_EXERCISE:_
Reproduce exactly only the lines from the line that holds "VIONE TEKUTÉ MYDLO" to the line that holds "3、跟隨指引前往銷售點(di", inclusive, in the listing below, and please leave out every picture.

_SUPPLIED DATA:_
----
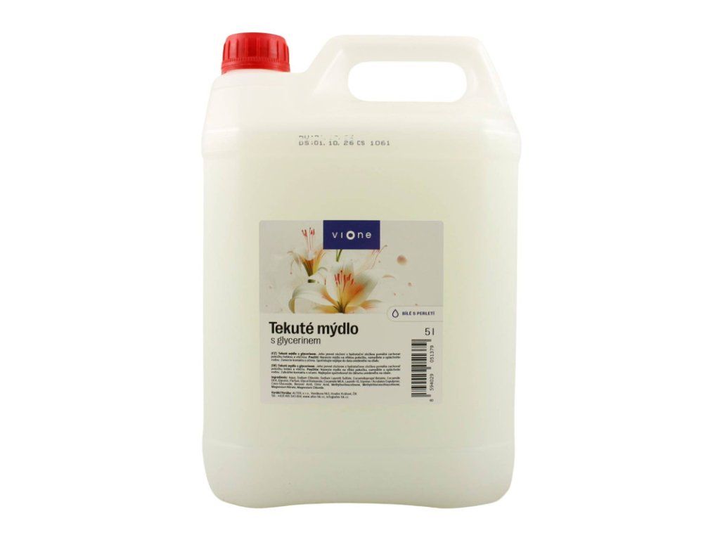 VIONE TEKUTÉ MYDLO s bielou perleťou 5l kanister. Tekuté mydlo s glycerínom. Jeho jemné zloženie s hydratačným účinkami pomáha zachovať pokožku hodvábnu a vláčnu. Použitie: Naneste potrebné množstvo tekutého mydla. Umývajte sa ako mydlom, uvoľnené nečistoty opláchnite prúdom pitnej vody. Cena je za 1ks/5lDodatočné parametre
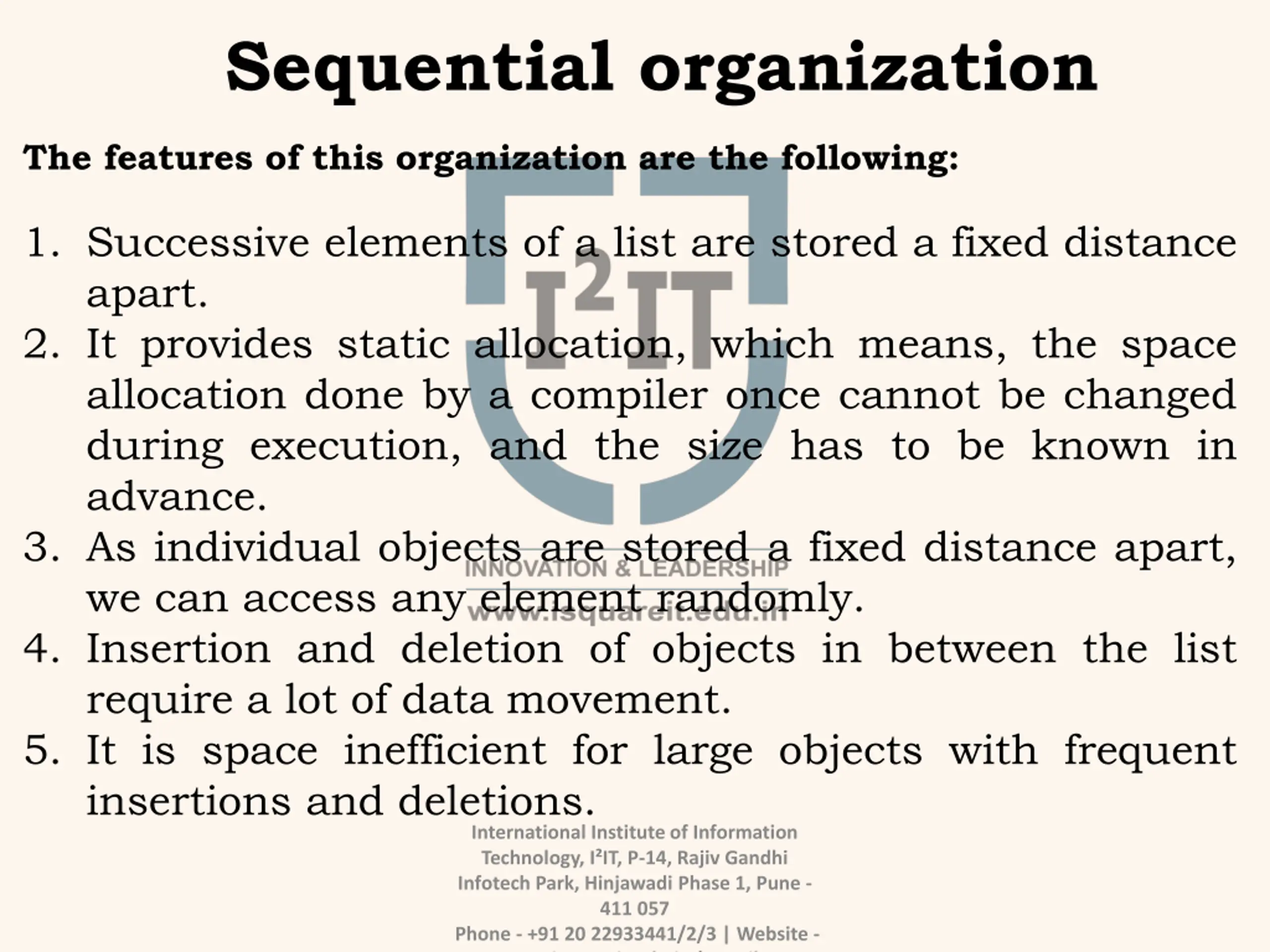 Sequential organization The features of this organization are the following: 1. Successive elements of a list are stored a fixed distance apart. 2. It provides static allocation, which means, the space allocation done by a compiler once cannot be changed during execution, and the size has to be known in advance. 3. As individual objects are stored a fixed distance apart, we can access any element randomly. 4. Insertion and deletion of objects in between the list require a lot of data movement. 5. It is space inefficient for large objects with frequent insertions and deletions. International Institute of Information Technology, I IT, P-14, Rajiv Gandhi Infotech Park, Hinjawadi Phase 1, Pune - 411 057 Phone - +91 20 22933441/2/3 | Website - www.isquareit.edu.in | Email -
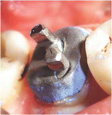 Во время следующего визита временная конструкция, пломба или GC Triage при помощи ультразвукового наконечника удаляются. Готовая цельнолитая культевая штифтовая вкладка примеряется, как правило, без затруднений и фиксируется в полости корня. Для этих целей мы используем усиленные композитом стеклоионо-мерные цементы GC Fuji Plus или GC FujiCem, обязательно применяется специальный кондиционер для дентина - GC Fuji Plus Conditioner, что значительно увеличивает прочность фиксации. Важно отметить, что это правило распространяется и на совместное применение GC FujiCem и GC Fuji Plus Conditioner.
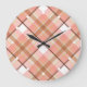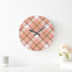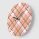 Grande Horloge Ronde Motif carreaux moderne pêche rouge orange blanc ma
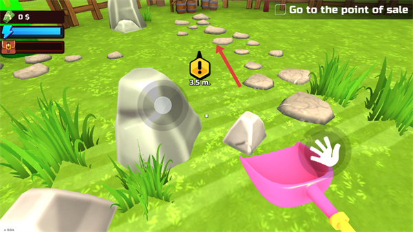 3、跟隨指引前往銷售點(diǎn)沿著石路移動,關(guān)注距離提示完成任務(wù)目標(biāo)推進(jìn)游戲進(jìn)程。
----
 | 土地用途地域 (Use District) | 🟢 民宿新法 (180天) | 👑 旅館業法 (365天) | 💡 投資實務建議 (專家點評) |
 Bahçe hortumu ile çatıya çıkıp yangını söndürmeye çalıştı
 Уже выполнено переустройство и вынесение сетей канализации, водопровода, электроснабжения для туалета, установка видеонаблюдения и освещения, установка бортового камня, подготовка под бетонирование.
----
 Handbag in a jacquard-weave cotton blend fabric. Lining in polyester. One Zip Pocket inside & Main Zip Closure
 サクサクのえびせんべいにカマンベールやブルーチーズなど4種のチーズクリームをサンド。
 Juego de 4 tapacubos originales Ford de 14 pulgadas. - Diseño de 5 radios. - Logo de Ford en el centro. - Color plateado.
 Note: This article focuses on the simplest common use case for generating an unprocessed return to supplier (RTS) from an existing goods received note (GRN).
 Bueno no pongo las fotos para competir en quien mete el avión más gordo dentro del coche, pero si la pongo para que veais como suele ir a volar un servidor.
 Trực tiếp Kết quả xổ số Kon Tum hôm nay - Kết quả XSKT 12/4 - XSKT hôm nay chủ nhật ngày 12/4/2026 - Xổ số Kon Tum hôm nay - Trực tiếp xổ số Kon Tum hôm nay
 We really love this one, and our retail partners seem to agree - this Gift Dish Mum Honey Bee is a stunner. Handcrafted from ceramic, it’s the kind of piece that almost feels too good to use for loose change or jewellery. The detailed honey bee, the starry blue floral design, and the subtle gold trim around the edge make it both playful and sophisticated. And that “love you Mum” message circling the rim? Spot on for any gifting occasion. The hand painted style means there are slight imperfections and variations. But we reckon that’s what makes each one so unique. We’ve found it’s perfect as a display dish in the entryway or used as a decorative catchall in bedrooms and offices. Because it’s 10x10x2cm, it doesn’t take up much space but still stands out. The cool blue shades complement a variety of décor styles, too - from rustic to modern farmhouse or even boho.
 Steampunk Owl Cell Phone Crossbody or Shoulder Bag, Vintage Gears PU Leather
----
_YOUR RESPONSE:_
 VIONE TEKUTÉ MYDLO s bielou perleťou 5l kanister. Tekuté mydlo s glycerínom. Jeho jemné zloženie s hydratačným účinkami pomáha zachovať pokožku hodvábnu a vláčnu. Použitie: Naneste potrebné množstvo tekutého mydla. Umývajte sa ako mydlom, uvoľnené nečistoty opláchnite prúdom pitnej vody. Cena je za 1ks/5lDodatočné parametre
 Sequential organization The features of this organization are the following: 1. Successive elements of a list are stored a fixed distance apart. 2. It provides static allocation, which means, the space allocation done by a compiler once cannot be changed during execution, and the size has to be known in advance. 3. As individual objects are stored a fixed distance apart, we can access any element randomly. 4. Insertion and deletion of objects in between the list require a lot of data movement. 5. It is space inefficient for large objects with frequent insertions and deletions. International Institute of Information Technology, I IT, P-14, Rajiv Gandhi Infotech Park, Hinjawadi Phase 1, Pune - 411 057 Phone - +91 20 22933441/2/3 | Website - www.isquareit.edu.in | Email -
 Во время следующего визита временная конструкция, пломба или GC Triage при помощи ультразвукового наконечника удаляются. Готовая цельнолитая культевая штифтовая вкладка примеряется, как правило, без затруднений и фиксируется в полости корня. Для этих целей мы используем усиленные композитом стеклоионо-мерные цементы GC Fuji Plus или GC FujiCem, обязательно применяется специальный кондиционер для дентина - GC Fuji Plus Conditioner, что значительно увеличивает прочность фиксации. Важно отметить, что это правило распространяется и на совместное применение GC FujiCem и GC Fuji Plus Conditioner.
 Grande Horloge Ronde Motif carreaux moderne pêche rouge orange blanc ma
 3、跟隨指引前往銷售點(diǎn)沿著石路移動,關(guān)注距離提示完成任務(wù)目標(biāo)推進(jìn)游戲進(jìn)程。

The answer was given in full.